#### Source data ####

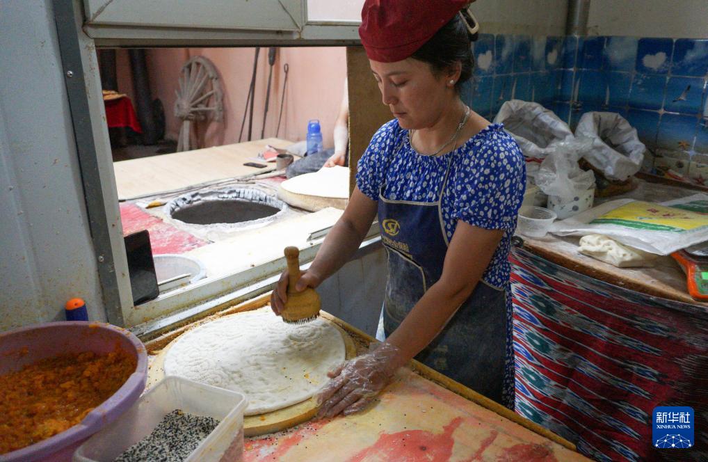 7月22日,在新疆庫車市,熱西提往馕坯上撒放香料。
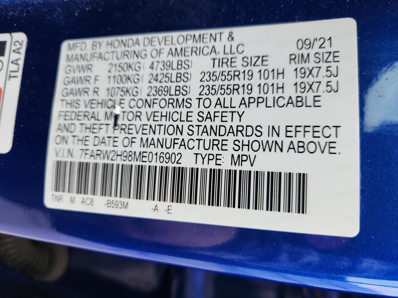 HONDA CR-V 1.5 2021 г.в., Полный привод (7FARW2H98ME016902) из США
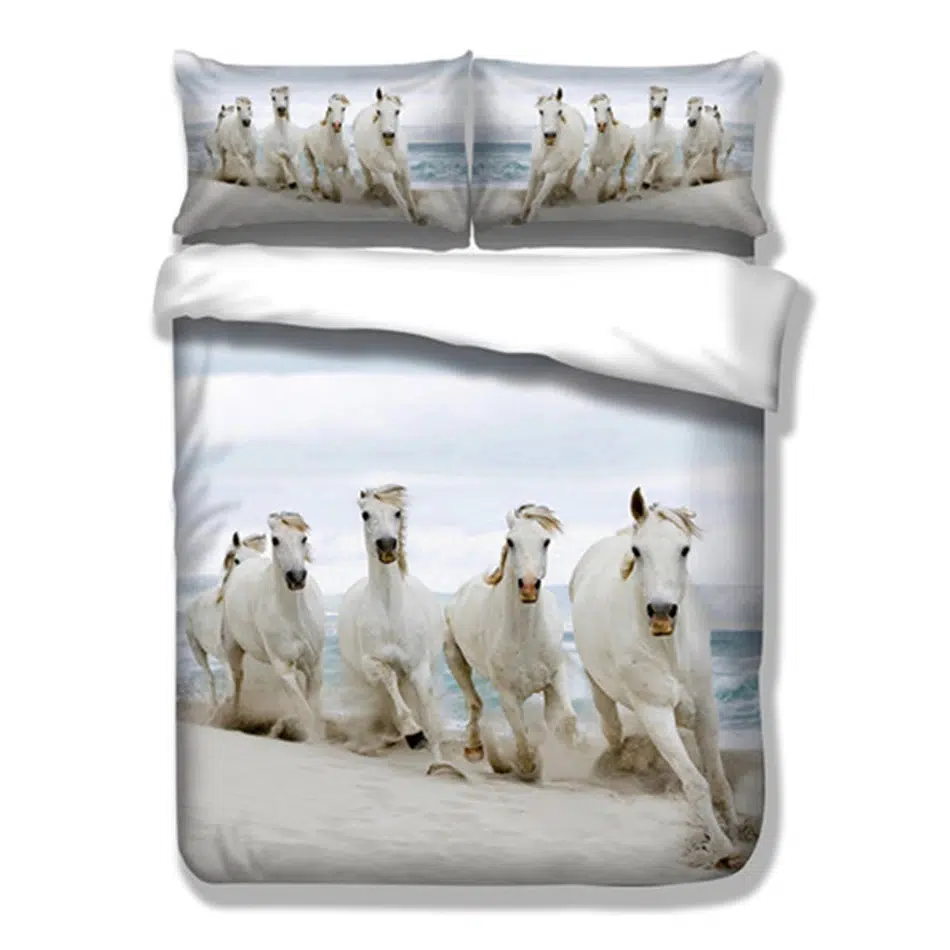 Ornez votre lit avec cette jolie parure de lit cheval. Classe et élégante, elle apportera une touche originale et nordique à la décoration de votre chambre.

####

[Directions for this task] Drop the pictures and set down the data above exactly.

[Exercise result]
 7月22日,在新疆庫車市,熱西提往馕坯上撒放香料。
 HONDA CR-V 1.5 2021 г.в., Полный привод (7FARW2H98ME016902) из США
 Ornez votre lit avec cette jolie parure de lit cheval. Classe et élégante, elle apportera une touche originale et nordique à la décoration de votre chambre.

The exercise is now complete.